Nobel Prize of literature in 1993 (the first awarded to a writer black), Pulitzer prize for Beloved in 1988, the american author Toni Morrison died in New York on Monday. At the announcement of his disappearance, writers, intellectuals, and policies have multiplied the testimonies and tributes to this author who had placed the black cause at the heart of his work.
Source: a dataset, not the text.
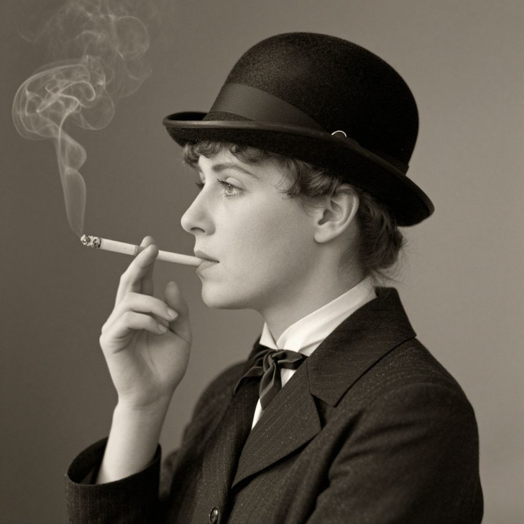 Girl with Cigarette, c. 1925 by Agnes Goodsir: A profile portrait of a woman wearing a black bowler hat and formal attire, smoking a cigarette with a trail of smoke rising to her left, captured in a vintage, sepia-toned style.

In a press statement, the Elysée demonstrates his deep respect for all the work of the writer “held by a great need for poetry, moral and political”. The message continues admiring “a powerful voice, committed, precious, who will miss the United States and the world.” The president of the Republic Emmanuel Macron “expresses its condolences to his family, his relatives and his fellow countrymen, as well as the many French who have loved and played with passion.”

” READ ALSO – Toni Morrison, first black woman Nobel prize winner for literature, has died at the age of 88.

The former president of the United States Barack Obama has hailed a “national treasure, as good a storyteller, as captivating as a person as it was in his work.” “Her writing was a challenge beautiful and full of meaning for our moral conscience and our imagination. What a gift to have been able to breathe the same air as she, if only for a moment”, he added.

Bill Clinton thanked a “human being world class” that has “awakened our souls and challenged our consciences to confront the injustice, large or small, wherever it exists”.